**Data to use**
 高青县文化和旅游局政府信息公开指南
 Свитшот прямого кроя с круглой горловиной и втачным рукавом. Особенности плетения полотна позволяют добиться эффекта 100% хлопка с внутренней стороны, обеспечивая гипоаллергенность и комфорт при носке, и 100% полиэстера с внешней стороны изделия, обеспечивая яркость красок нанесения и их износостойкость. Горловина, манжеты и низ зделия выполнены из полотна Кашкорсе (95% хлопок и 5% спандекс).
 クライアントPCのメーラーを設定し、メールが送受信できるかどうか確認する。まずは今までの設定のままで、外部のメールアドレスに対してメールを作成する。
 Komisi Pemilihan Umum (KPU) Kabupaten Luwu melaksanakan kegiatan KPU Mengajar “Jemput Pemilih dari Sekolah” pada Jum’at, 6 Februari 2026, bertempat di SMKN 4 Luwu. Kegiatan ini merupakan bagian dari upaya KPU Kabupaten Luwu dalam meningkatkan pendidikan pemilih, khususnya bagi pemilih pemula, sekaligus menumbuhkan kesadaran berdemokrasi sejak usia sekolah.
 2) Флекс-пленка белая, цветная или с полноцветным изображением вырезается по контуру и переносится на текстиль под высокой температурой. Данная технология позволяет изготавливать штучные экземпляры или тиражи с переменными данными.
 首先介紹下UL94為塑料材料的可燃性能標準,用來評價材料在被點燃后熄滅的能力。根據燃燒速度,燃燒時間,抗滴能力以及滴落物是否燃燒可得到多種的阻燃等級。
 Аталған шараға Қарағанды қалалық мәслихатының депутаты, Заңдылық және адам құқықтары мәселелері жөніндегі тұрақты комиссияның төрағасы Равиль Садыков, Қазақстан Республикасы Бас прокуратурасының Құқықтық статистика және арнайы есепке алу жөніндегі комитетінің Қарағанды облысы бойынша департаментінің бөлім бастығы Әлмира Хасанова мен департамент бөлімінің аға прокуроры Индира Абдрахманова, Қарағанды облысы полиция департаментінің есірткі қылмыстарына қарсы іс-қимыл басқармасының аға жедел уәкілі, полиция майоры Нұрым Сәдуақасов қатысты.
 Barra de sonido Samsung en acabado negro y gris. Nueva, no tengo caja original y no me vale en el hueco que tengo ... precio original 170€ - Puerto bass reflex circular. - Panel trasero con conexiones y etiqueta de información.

==

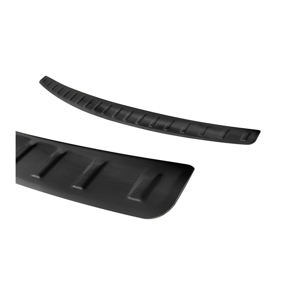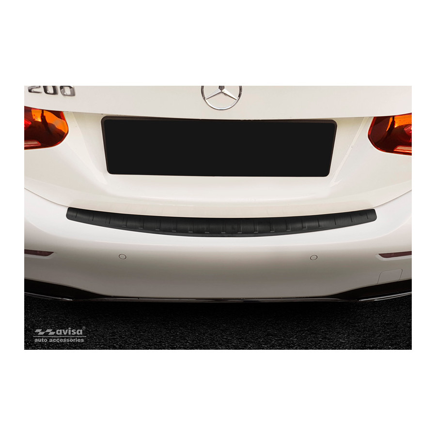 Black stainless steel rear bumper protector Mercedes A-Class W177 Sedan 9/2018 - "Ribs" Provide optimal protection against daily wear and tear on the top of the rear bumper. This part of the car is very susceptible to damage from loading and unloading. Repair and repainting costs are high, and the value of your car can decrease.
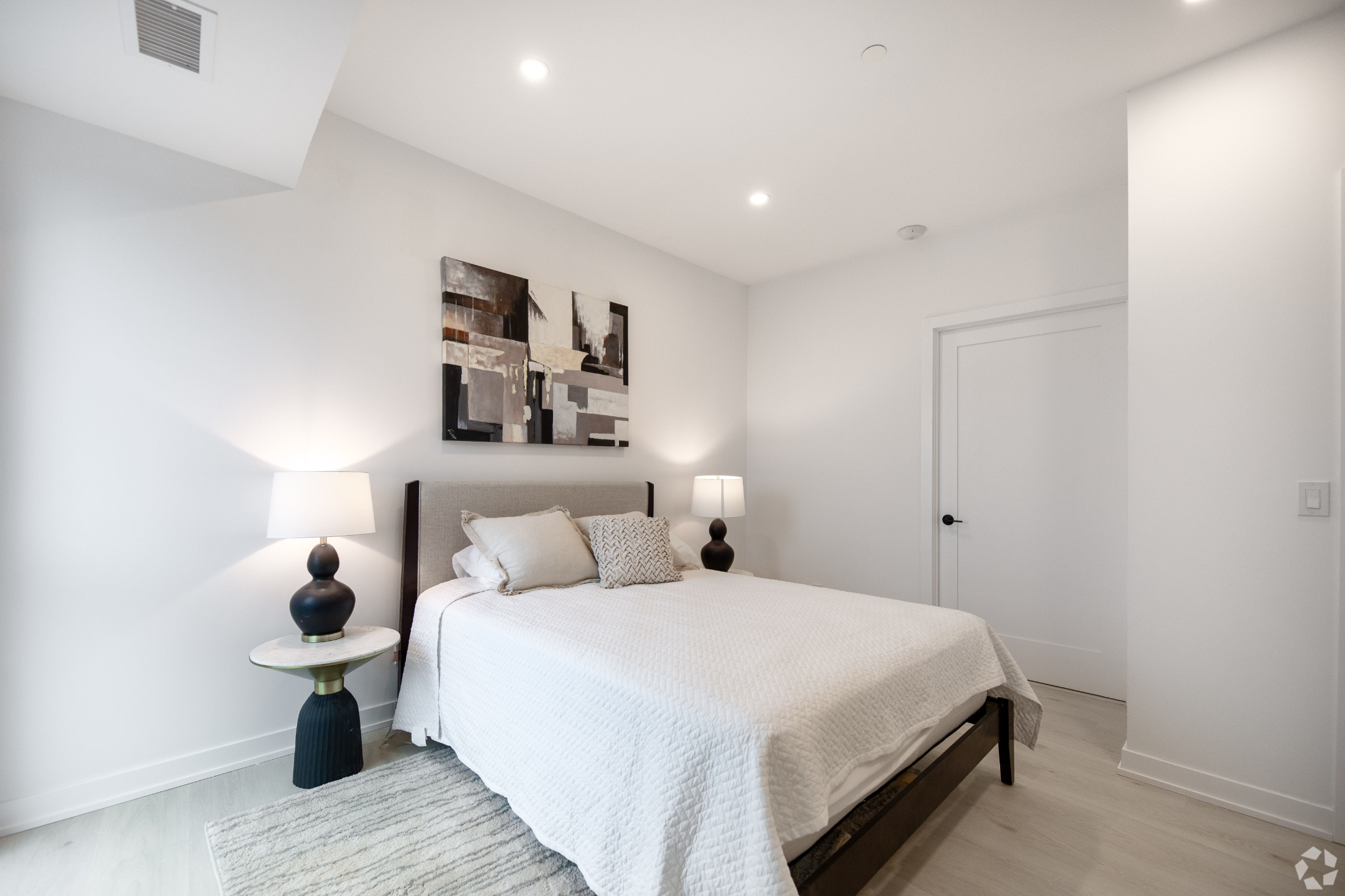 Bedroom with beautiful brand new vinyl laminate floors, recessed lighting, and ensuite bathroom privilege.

**Activity**
Everything in the material above from the line that has "高青县文化和旅游局政府信息公开指南" through the line that has "首先介紹下UL94為塑料材料" must be duplicated exactly, with no other lines given.

**Output of the exercise**
 高青县文化和旅游局政府信息公开指南
 Свитшот прямого кроя с круглой горловиной и втачным рукавом. Особенности плетения полотна позволяют добиться эффекта 100% хлопка с внутренней стороны, обеспечивая гипоаллергенность и комфорт при носке, и 100% полиэстера с внешней стороны изделия, обеспечивая яркость красок нанесения и их износостойкость. Горловина, манжеты и низ зделия выполнены из полотна Кашкорсе (95% хлопок и 5% спандекс).
 クライアントPCのメーラーを設定し、メールが送受信できるかどうか確認する。まずは今までの設定のままで、外部のメールアドレスに対してメールを作成する。
 Komisi Pemilihan Umum (KPU) Kabupaten Luwu melaksanakan kegiatan KPU Mengajar “Jemput Pemilih dari Sekolah” pada Jum’at, 6 Februari 2026, bertempat di SMKN 4 Luwu. Kegiatan ini merupakan bagian dari upaya KPU Kabupaten Luwu dalam meningkatkan pendidikan pemilih, khususnya bagi pemilih pemula, sekaligus menumbuhkan kesadaran berdemokrasi sejak usia sekolah.
 2) Флекс-пленка белая, цветная или с полноцветным изображением вырезается по контуру и переносится на текстиль под высокой температурой. Данная технология позволяет изготавливать штучные экземпляры или тиражи с переменными данными.
 首先介紹下UL94為塑料材料的可燃性能標準,用來評價材料在被點燃后熄滅的能力。根據燃燒速度,燃燒時間,抗滴能力以及滴落物是否燃燒可得到多種的阻燃等級。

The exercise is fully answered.